→ PROBLEM DESCRIPTION: Leaving out all pictures, copy the lines below exactly, from the line with "A black vintage" to the last line, both ends included.

Extracted data entries

···

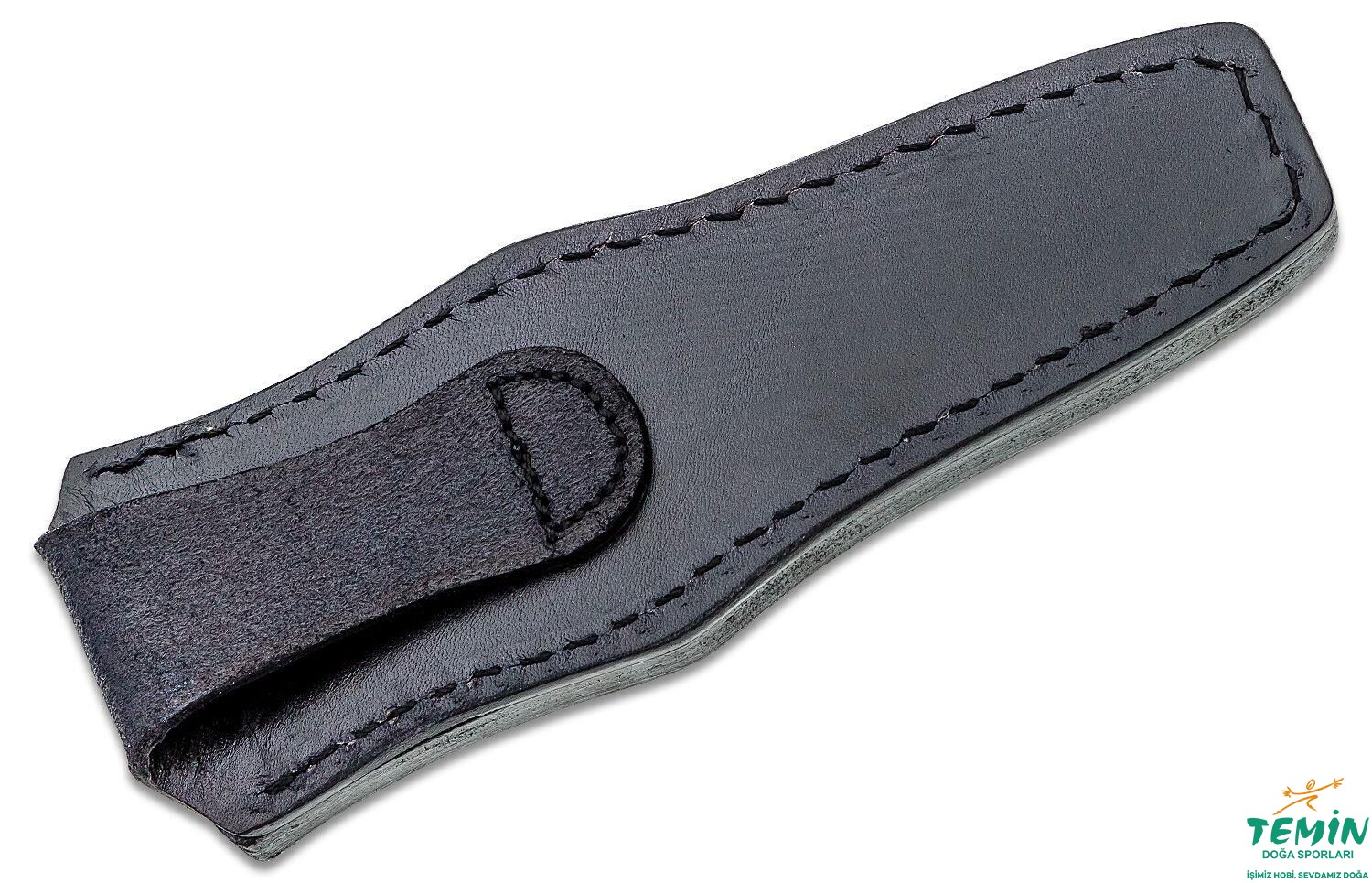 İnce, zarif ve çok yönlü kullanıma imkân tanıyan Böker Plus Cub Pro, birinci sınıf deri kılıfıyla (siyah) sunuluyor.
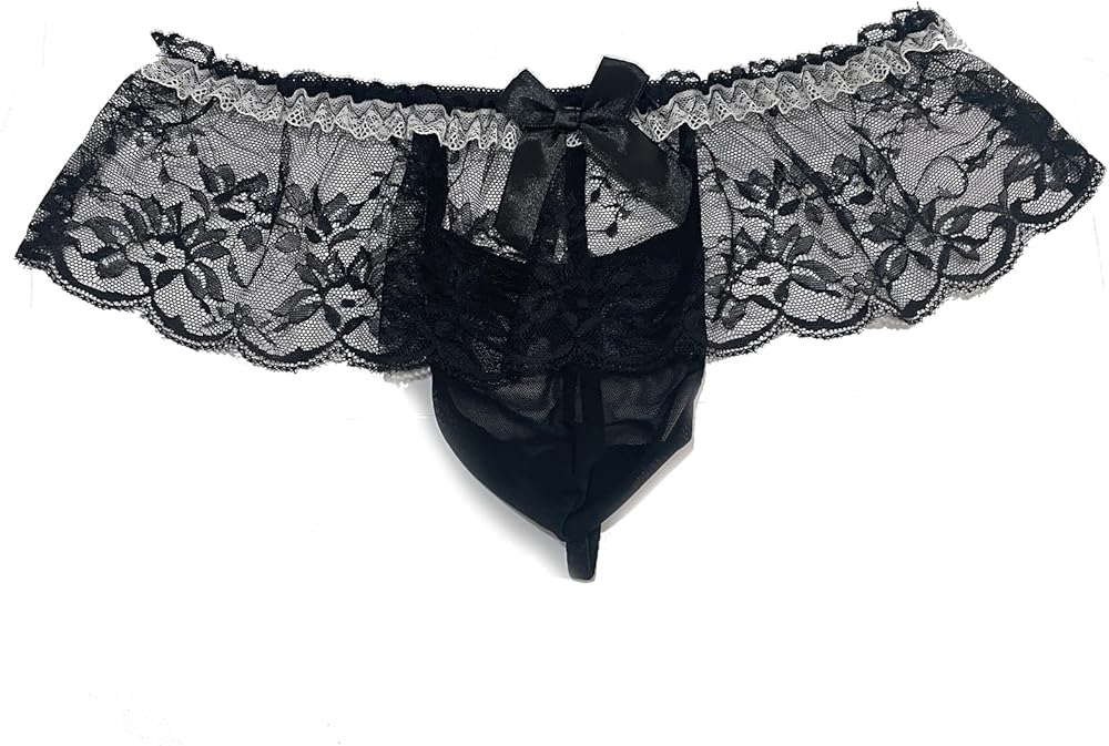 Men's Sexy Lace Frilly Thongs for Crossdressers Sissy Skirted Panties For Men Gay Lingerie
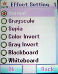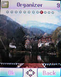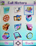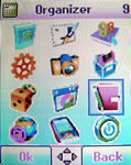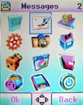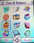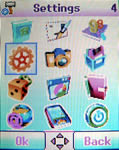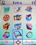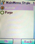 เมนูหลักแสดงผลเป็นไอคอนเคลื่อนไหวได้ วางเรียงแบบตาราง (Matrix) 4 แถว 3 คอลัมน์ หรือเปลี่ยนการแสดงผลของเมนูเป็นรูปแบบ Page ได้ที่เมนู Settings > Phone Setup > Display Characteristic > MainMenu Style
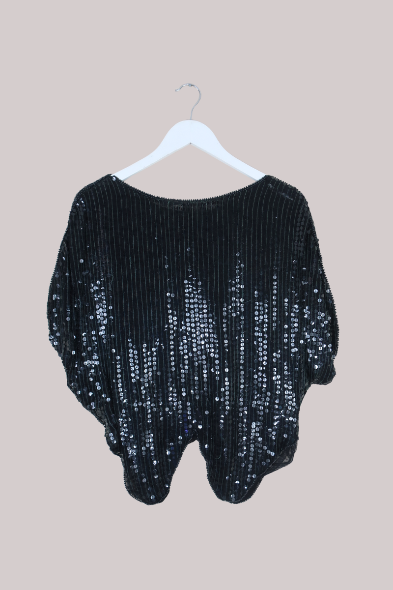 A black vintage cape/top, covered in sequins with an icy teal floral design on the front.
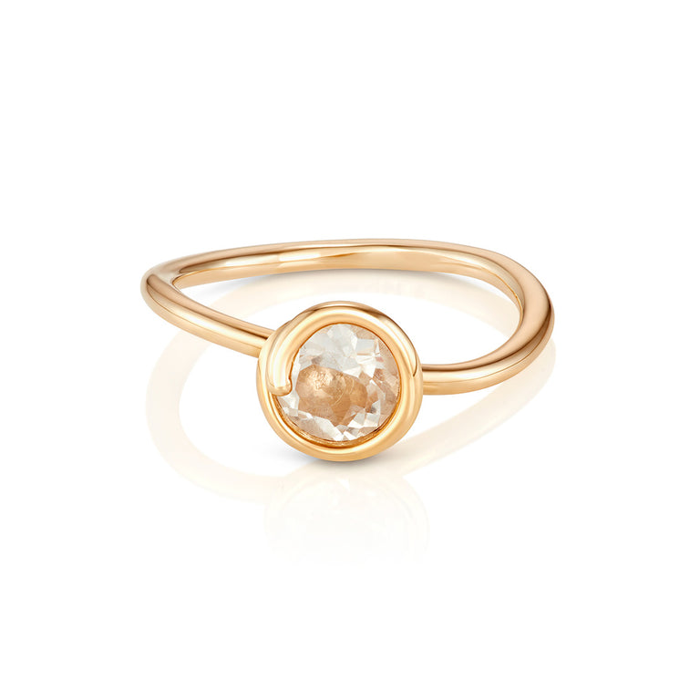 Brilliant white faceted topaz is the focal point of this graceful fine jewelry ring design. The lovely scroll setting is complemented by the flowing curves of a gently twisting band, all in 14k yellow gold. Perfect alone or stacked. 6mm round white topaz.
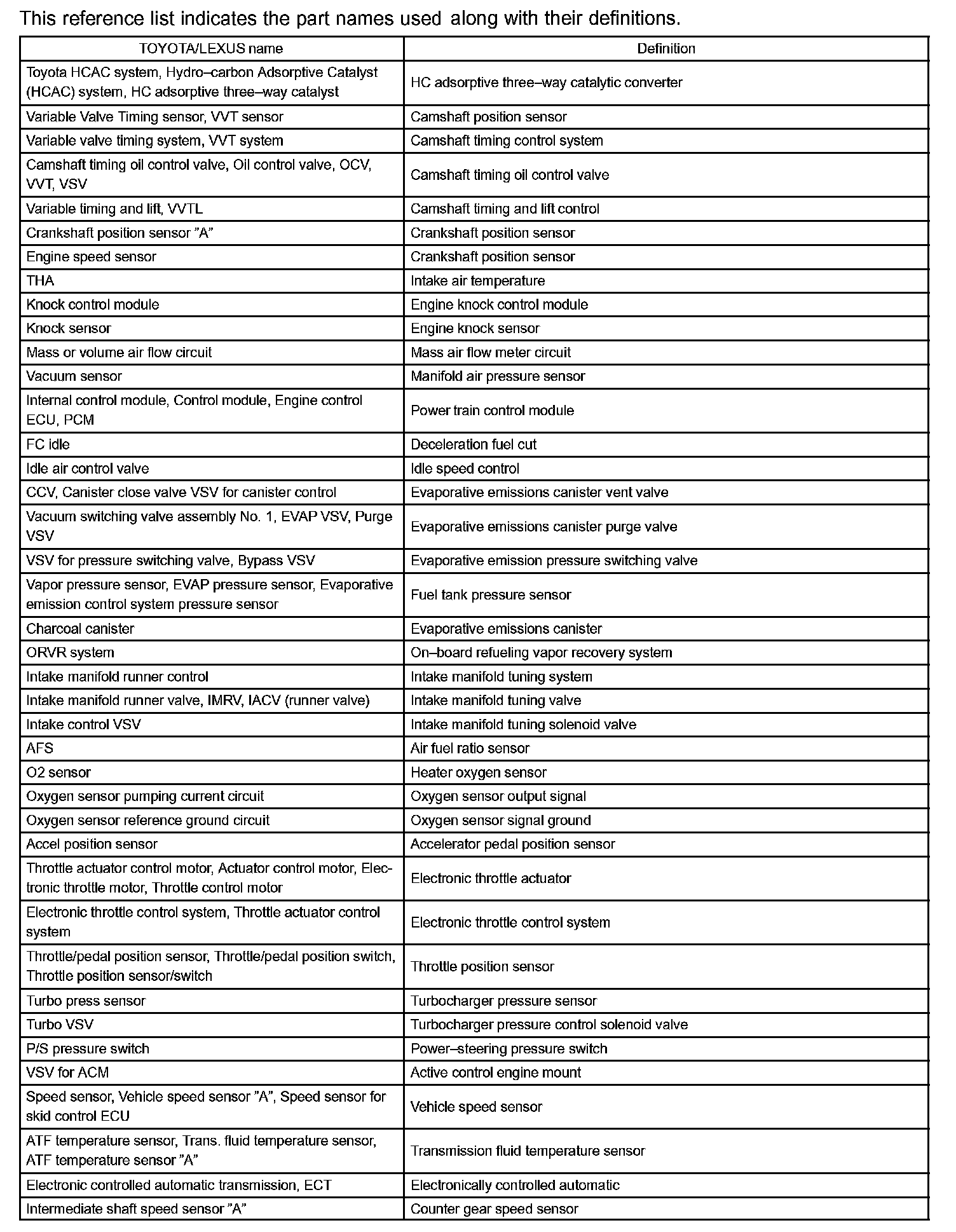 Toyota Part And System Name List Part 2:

···

→ ANSWER SECTION:
 A black vintage cape/top, covered in sequins with an icy teal floral design on the front.
 Brilliant white faceted topaz is the focal point of this graceful fine jewelry ring design. The lovely scroll setting is complemented by the flowing curves of a gently twisting band, all in 14k yellow gold. Perfect alone or stacked. 6mm round white topaz.
 Toyota Part And System Name List Part 2:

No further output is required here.